Speed up queries - Githubissues

blinry commented 5 years ago

We want card deck generation to be fast, but get data which is as complete as possible. Currently, our attempt to do that looks like this:

First, we run a query like

SELECT (COUNT(?item) AS ?count) WHERE { ?item wdt:P31 wd:Q11344. }

to find out how many items are direct instances of the type we're interested in. If this number is over 100, we seem to have enough items and run a query using the sample service to get no more than 3000 items back:

SELECT ?item ?itemLabel ?itemDescription ?image ?property ?propLabel ?valueLabel ?unitLabel ?precision WHERE {
  SERVICE bd:sample {
    ${restriction}
    bd:serviceParam bd:sample.limit 3000 .
    bd:serviceParam bd:sample.sampleType "RANDOM".
  }
  SERVICE wikibase:label { bd:serviceParam wikibase:language "[AUTO_LANGUAGE],en,de". }
  OPTIONAL { ?item wdt:P18 ?image. }
  ?item ?p ?statement.
  ?statement a wikibase:BestRank.

  ?property rdfs:label ?propLabel.
  ?property wikibase:claim ?p.
  ?property rdf:type wikibase:Property .

  FILTER (lang(?propLabel) = 'en' ).

  {
    ?property wikibase:propertyType wikibase:Quantity.

    ?statement ?psn ?valueNode.    
    ?valueNode wikibase:quantityAmount ?value.
    ?valueNode wikibase:quantityUnit ?unit.

    ?property wikibase:statementValue ?psn.
  } UNION {
    ?property wikibase:propertyType wikibase:Time.

    ?statement ?psn ?valueNode.
    ?valueNode wikibase:timeValue ?value.
    ?valueNode wikibase:timePrecision ?precision.

    ?property wikibase:statementValue ?psn.
  }
}

If the count is smaller than 100, we extend the query to also accept subclasses, and get all of them, in the hope of getting enough items:

SELECT ?item ?itemLabel ?itemDescription ?image ?property ?propLabel ?valueLabel ?unitLabel ?precision WHERE {
  ?item wdt:P31/wdt:P279* wd:Q11344.
  SERVICE wikibase:label { bd:serviceParam wikibase:language "[AUTO_LANGUAGE],en,de". }
  OPTIONAL { ?item wdt:P18 ?image. }
  ?item ?p ?statement.
  ?statement a wikibase:BestRank.

  ?property rdfs:label ?propLabel.
  ?property wikibase:claim ?p.
  ?property rdf:type wikibase:Property .

  FILTER (lang(?propLabel) = 'en' ).

  {
    ?property wikibase:propertyType wikibase:Quantity.

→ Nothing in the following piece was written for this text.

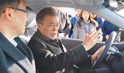 “세계 정상 가운데 고속도로에서 자율주행차를 탄 것은 제가 처음이고 세계에서 수소차로 만든 자율차는 현대차가 최초입니다.” 문재인 대통령은 2일 경기 성남시 판교 기업지원허브에서 열린 자율주행차 간담회를 시작하며 이렇게 말했다. 문 대통령은 이날 현대자동차가 제작한 수소 전기 자율주행차인 ‘넥쏘’를 타고 경부고속도로 만남의광장에서 판교 나들목까지 이르는 7km가량을 달렸다. 전날 근로시간 단축과 신규 일자리 창출에 노사가 합의한 한화큐셀 공장을 방문해 “업어주러 왔다”고 밝힌 데 이어 연 이틀 대기업을 방문해 ‘기업 기 살리기’에 나선 것이다. 문 대통령은 현대차에 대한 격려도 아끼지 않았다. 문 대통령은 “1975년 포니를 기억하시는지 모르겠다. 조그마한 차량을 드디어 생산하기 시작했을 때 자동차 생산국이 됐고 국민들이 감격했다”며 “유례없이 짧은 기간에 대한민국이 세계 6대 자동차 생산 국가로 성장했다”고 했다. 당초 대통령 경호처 등은 이번 시승 행사에 난색을 표한 것으로 알려졌다. 안전한 자율주행차 시험장이 아닌 고속도로를 운행하다 돌발 사고가 발생할 가능성을 우려해서다. 하지만 이미 여러 차례 고속도로 시험운행을 통해 안전성이 검증됐다는 얘기를 들은 문 대통령이 직접 실제 도로를 주행하겠다는 의지를 밝힌 것으로 전해졌다. 문 대통령은 “모르면 용감하다고 조심조심 갈 줄 알고 탑승해봤다”며 “그런데 고속도로 제한속도 110km에 맞춰 아주 빠르게 운행하면서 앞차와 거리를 맞추고 차선을 바꾸고 하는 것이 정말 놀라웠다”고 말했다. 문 대통령은 “자율주행차에서 좀 더 앞서갈 수 있도록 국가가 모든 노력을 다해야겠다는 굳은 결심을 하게 됐다”며 “우리가 포니 차부터 시작해서 짧은 시간에 세계적인 강국이 됐듯이 수소차, 전기차 등 미래 자동차 분야에서도 강국의 힘을 키워가자”고 밝혔다. 간담회에선 자율주행차 등에 대한 규제 완화 건의도 잇따랐다. 자동차 부품업체인 이씨스 김용범 대표는 “자율차 시범사업을 전국 국도, 전국 고속도로로 빠르게 확대해달라”고 했다. 문 대통령은 김현미 국토교통부 장관, 이인호 산업통상부 차관 등에게 “초소형 전기자동차 규제, 보조금 혜택, 여러 업체가 테스트베드를 충분히 이용할 수 있게 하는 부분은 정부가 특별히 관심을 가져달라”고 당부했다. 국토부와 산업부는 이날 전기차 급속 충전소 확대, 완전 자동 주행이 가능하도록 도로 기반시설 정비 등 미래 자동차 육성에 2022년까지 35조 원을 투자하기로 했다.문병기 weappon@donga.com·천호성 / 세종=최혜령 기자}
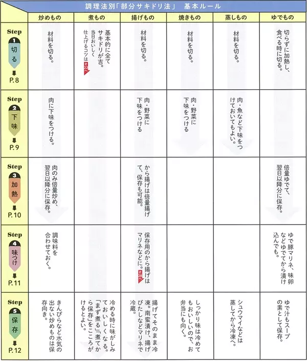 このように炒めものは途中まで「サキドリ」しておくことが時短につながりますが、煮ものは、いっそ最後まで多めに作ってしまう方が味もしみておいしいなど、どこまで「サキドリ」すればいいかは調理方法によっても異なります。下の表を参考に、自分に合いそうな時短方法をぜひお試しあれ。

    ?statement ?psn ?valueNode.    
    ?valueNode wikibase:quantityAmount ?value.
    ?valueNode wikibase:quantityUnit ?unit.

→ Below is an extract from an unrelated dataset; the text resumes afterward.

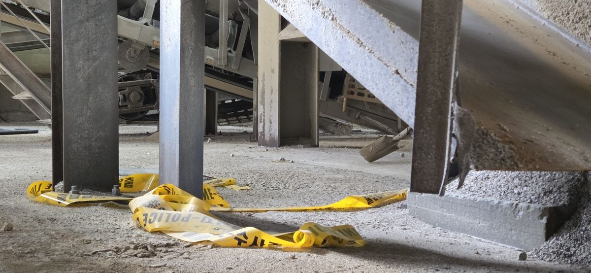 23일 이주노동자 뚜안이 끼임사고로 숨진 경기 이천시 자갈 가공업체에 설치돼 있던 폴리스라인이 바닥에 떨어져 있다. 경기이주평등연대 제공 |
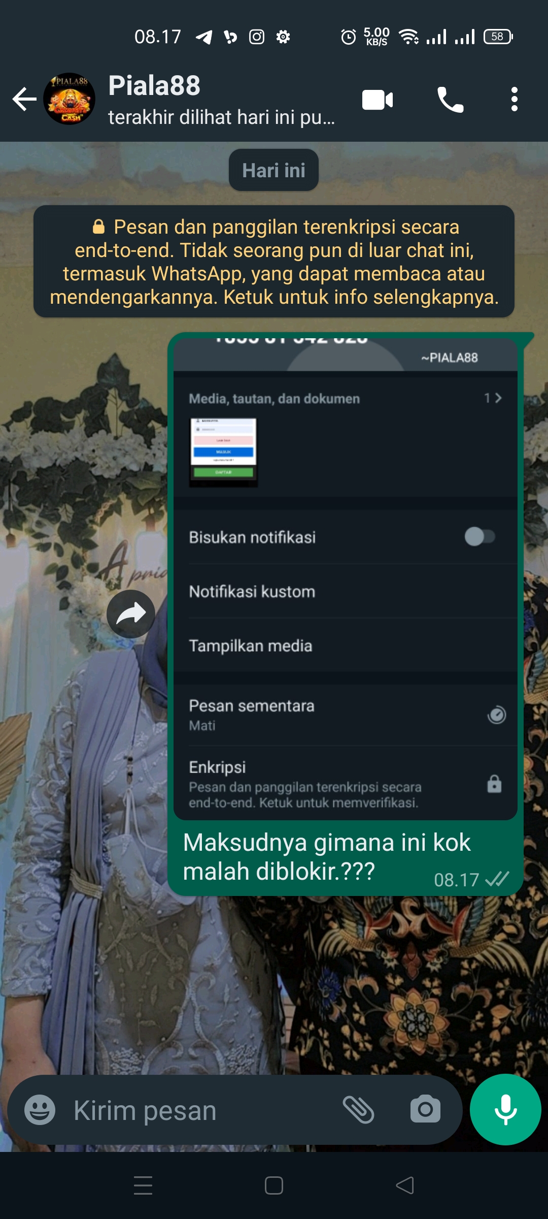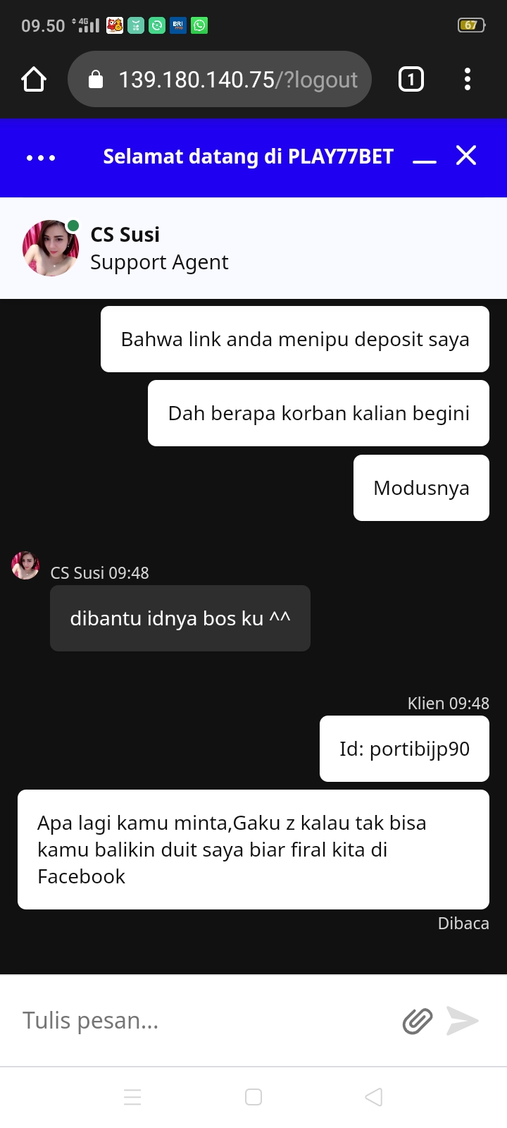 42. di chat pihak admin langsung blok di bagian chat..jadi tidak bisa mengadu….mohon bantuan nya bosku

    ?property wikibase:statementValue ?psn.
  } UNION {
    ?property wikibase:propertyType wikibase:Time.

    ?statement ?psn ?valueNode.
    ?valueNode wikibase:timeValue ?value.
    ?valueNode wikibase:timePrecision ?precision.

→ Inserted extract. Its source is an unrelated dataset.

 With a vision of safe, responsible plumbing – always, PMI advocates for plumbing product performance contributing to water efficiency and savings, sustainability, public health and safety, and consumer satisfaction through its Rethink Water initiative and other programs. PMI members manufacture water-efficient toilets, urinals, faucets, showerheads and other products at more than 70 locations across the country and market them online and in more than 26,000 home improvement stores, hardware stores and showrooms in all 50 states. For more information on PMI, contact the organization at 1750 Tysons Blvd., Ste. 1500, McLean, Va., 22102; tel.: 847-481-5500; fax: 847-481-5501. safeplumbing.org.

    ?property wikibase:statementValue ?psn.
  }
}

The second type of query gives more complete results, but does not terminate in 60 seconds for huge classes like humans or cities. Can we optimize it somehow? We're flexible in how the resulting table looks like, as long as all the data is there. We're interested in as many items as possible which have a lot of numeric or time-based properties. We could also split the query into individual subqueries, if that helps?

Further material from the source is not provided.